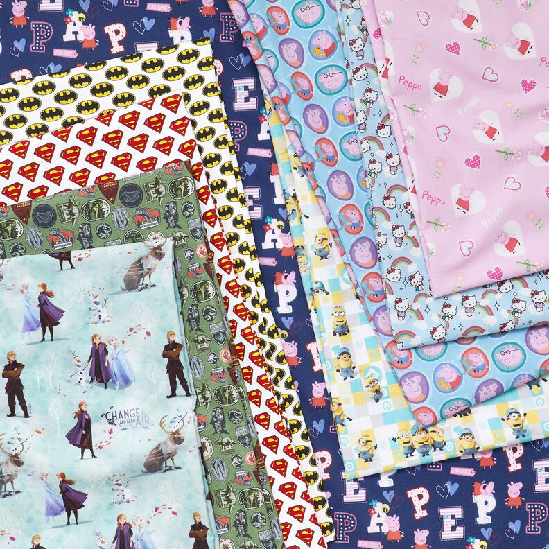 Na drobno utkanym materiale są nadrukowane różne motywy znane z komiksów i filmów. Uszyj z niego oryginalne okładki na ulubione książki, wykorzystaj jako podszewkę kieszeniówkę lub zaprezentuj się jako prawdziwy fan w uszytej z niego koszuli lub bluzce.
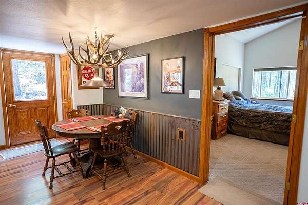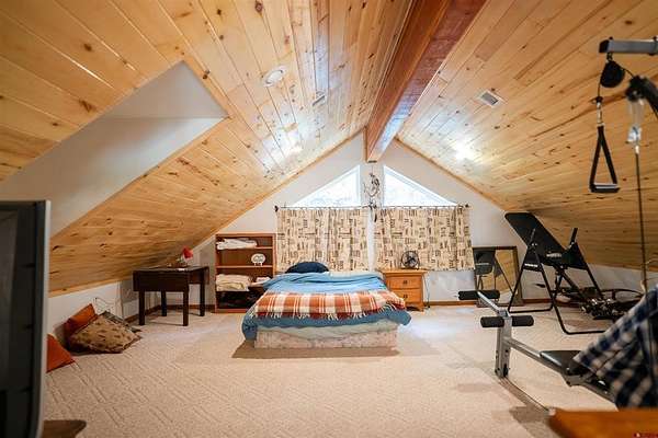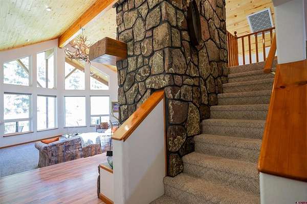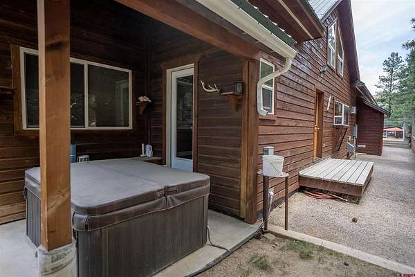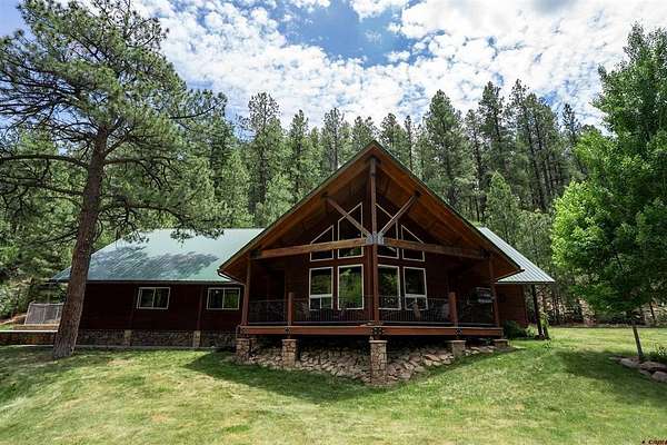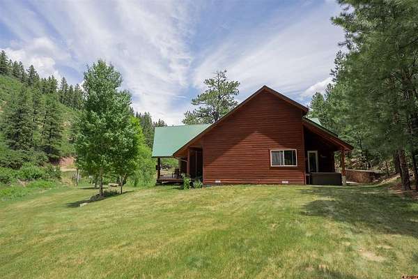 Justin D Osborn, The Wells Group of Durango, LLC, O: 970-946-3935, justin@wellsgroupdurango.com, http://southwestcoloradoranchbrokers.com/: 2100 sq ft custom home on 5+ wooded acres with no covenants and no HOA. Texas Creek runs seasonally across the property and fills the pond in the Spring. Oversized garage provides plenty of room for vehicles and toys. Owned by the original owner, this well maintained property is extremely private with a remote setting, yet is only 350 yards from paved CR 501. Vallecito Lake is only 7 miles away, making this an excellent property for short-term vacation rentals. From the large covered porch, to the hot tub in a private setting, you'll have a hard time determining where to take in your morning coffee. The main focal point inside is the huge great room with vaulted ceilings, floor-to-ceiling windows, and a stone fireplace made from rock harvested from the property. Located at 7320' elevation. Annual taxes are $2,725. Wildlife are frequently seen on the property including deer, turkey, and seasonally elk.
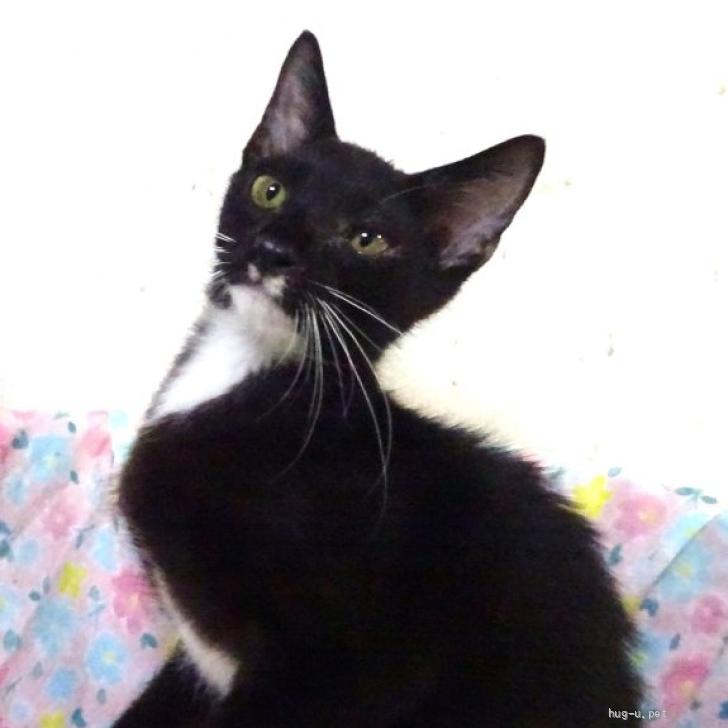 毛色: 殆ど黒ですが、手先、顔下が白の白黒です。
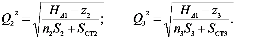 где S 1, S 2, , S 3 – сопротивление одного рукава соответственно в первой, второй и третьей линиях; n 1, n 2, n 3 – количество рукавов в линиях; S ст1, S ст2, S ст3 –сопротивление насадков стволов. Подставляя найденное значение Q (3.2) в характеристику насоса, находим максимальный напор Н н, который может создать насос, работая совместно с данной рукавной системой, то есть рабочая точка насоса будет задана параметрами Q н и Н н. Для определения требующегося напора насоса в зависимости от расхода воды (задача 2), необходимо располагать всеми параметрами конкретной рукавной системы. В этом случае напор насоса определяется по формуле Н н = h p + H cв + z 1 + z 2 + h вc, (3.6) где h p – потери напора в рукавной системе; H cв – свободный напор перед стволом; z 1 – высота подъема стволов над осью насоса; z 2 – высота всасывания; h вc – потери напора во всасывающей линии. В практических расчетах напор насоса определяется по формуле Н н = S с Q2 + z, (3.7) где S с – сопротивление рукавной линии, зависящее от вида рукавной системы; Q – расчетный расход воды; z – высота подъема пожарных стволов над осью насоса. Для примера рассмотрим решение этой задачи при использовании насосно-рукавной системы со смешанным соединением, показанной на рисунке 3.2. Система включает пожарный автонасос, установленный на пожарном гидранте, магистральную рукавную линию из n м стандартных рукавов диаметром d м сопротивлением S м одного рукава, трехходовое рукавное разветвление, расположенное на высоте zA по вертикали относительно оси насоса (потери насоса в разветвлении составляют h A), три рабочие рукавные линии с диаметром рукавов d p1, d p2, d p3 (сопротивление одного стандартного рукава S 1, S 2, S 3 соответственно) по n 1, n 2, n 3рукавов в каждой линии, и три пожарных ствола диаметром d ст1, d ст2, d ст3 с сопротивлениями S ст1, S ст2, S ст3, поднятыми на высоту z 1, z 2, z 3, по вертикали относительно рукавного разветвления.
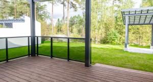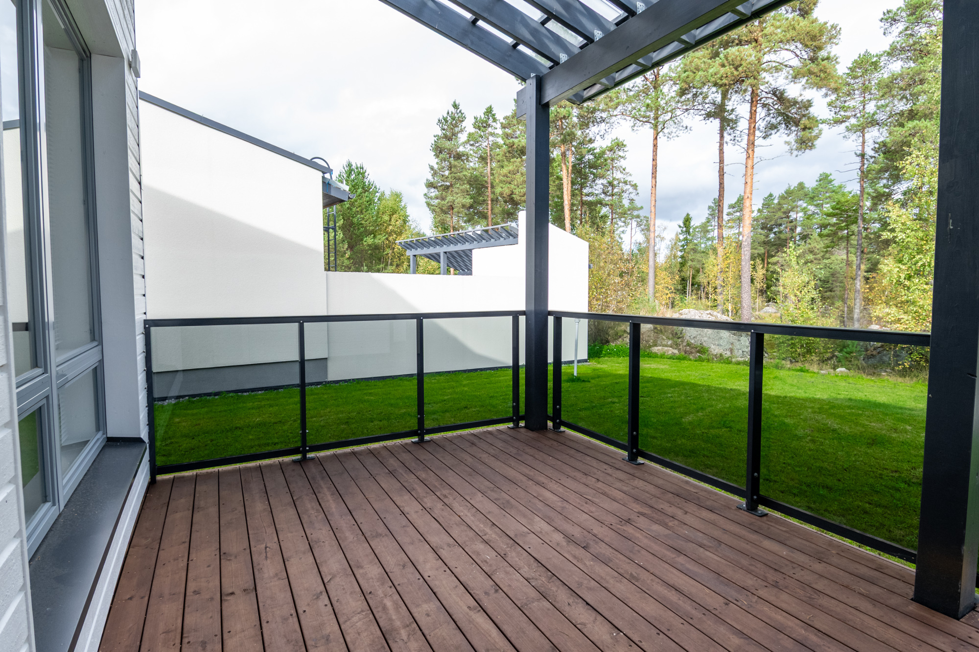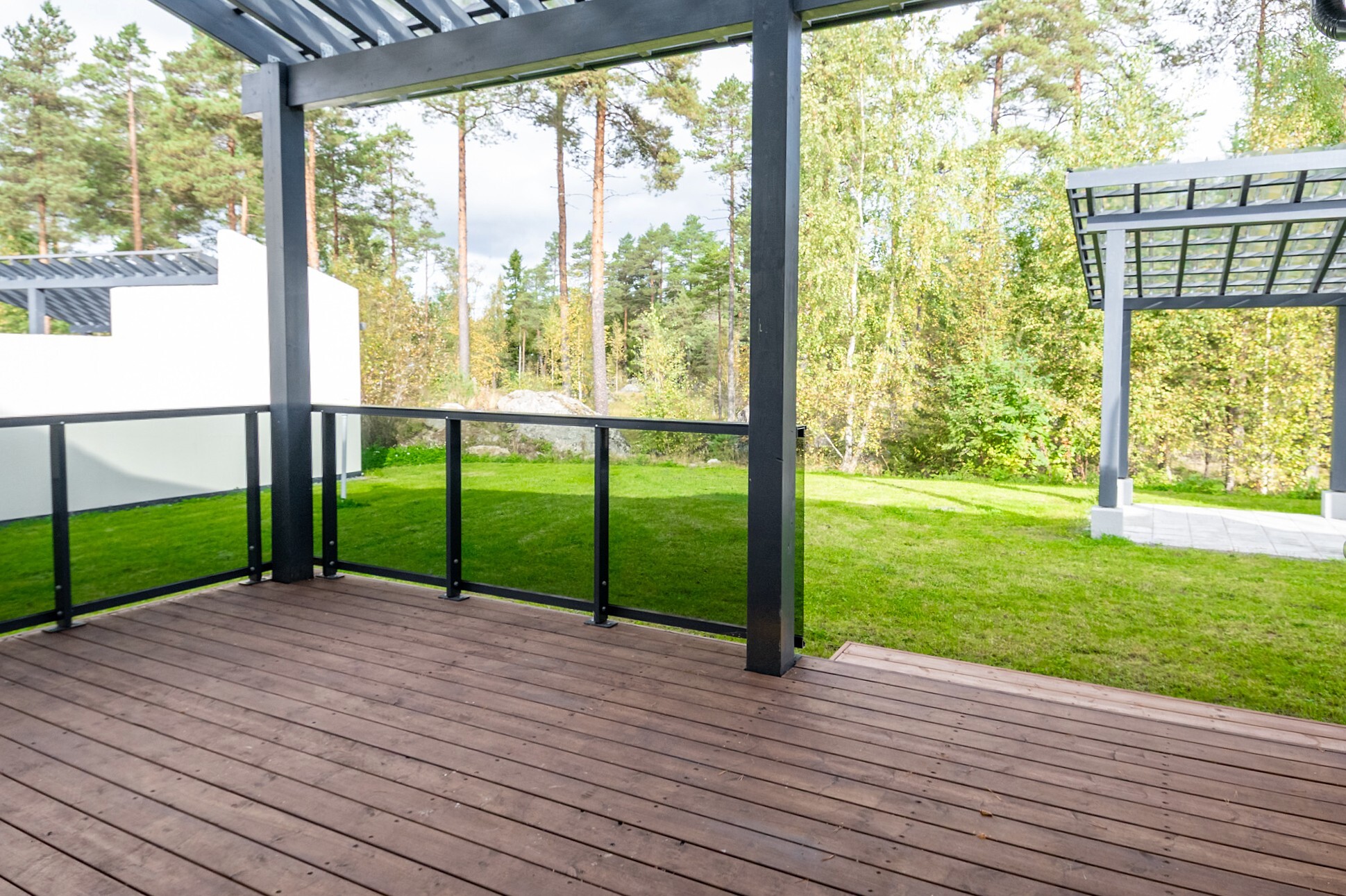 Tomten gränsar till grönområde. På trädgårdssidan finns en täckt terrass samt en pergola med tak och stenlagt golv.
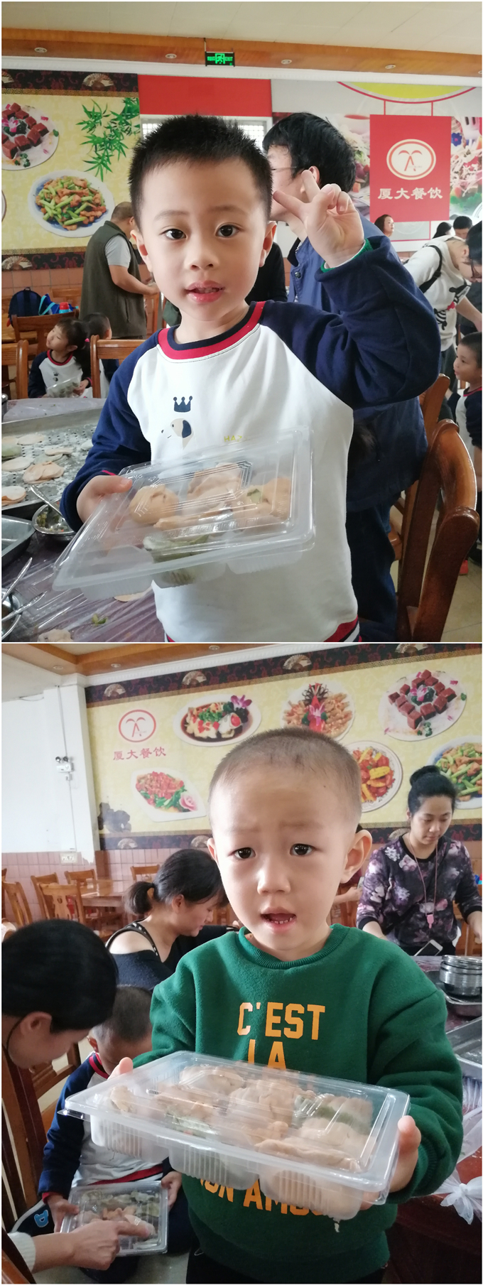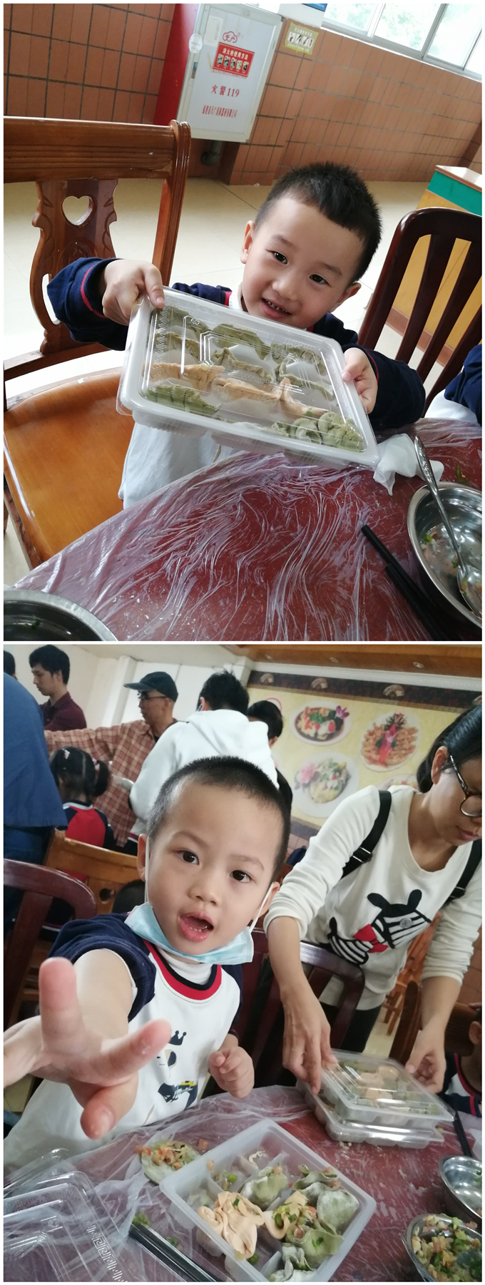 时光匆匆流逝,餐厅探秘之旅结束了,但宝贝们收获满满。不仅参观了厨房,认识了各种厨房用具,知道了食物的制作流程,还做了小小厨师亲自体验了包饺子!希望宝贝们以后用餐时间都能认认真真对待餐桌上的食物,开开心心地吃完自己的饭菜,健健康康地成长!
##############################
The lines from the one containing "Tomten gränsar till" through the end of the data above are to be copied exactly, both ends included, and pictures are to be omitted.

 Tomten gränsar till grönområde. På trädgårdssidan finns en täckt terrass samt en pergola med tak och stenlagt golv.
 时光匆匆流逝,餐厅探秘之旅结束了,但宝贝们收获满满。不仅参观了厨房,认识了各种厨房用具,知道了食物的制作流程,还做了小小厨师亲自体验了包饺子!希望宝贝们以后用餐时间都能认认真真对待餐桌上的食物,开开心心地吃完自己的饭菜,健健康康地成长!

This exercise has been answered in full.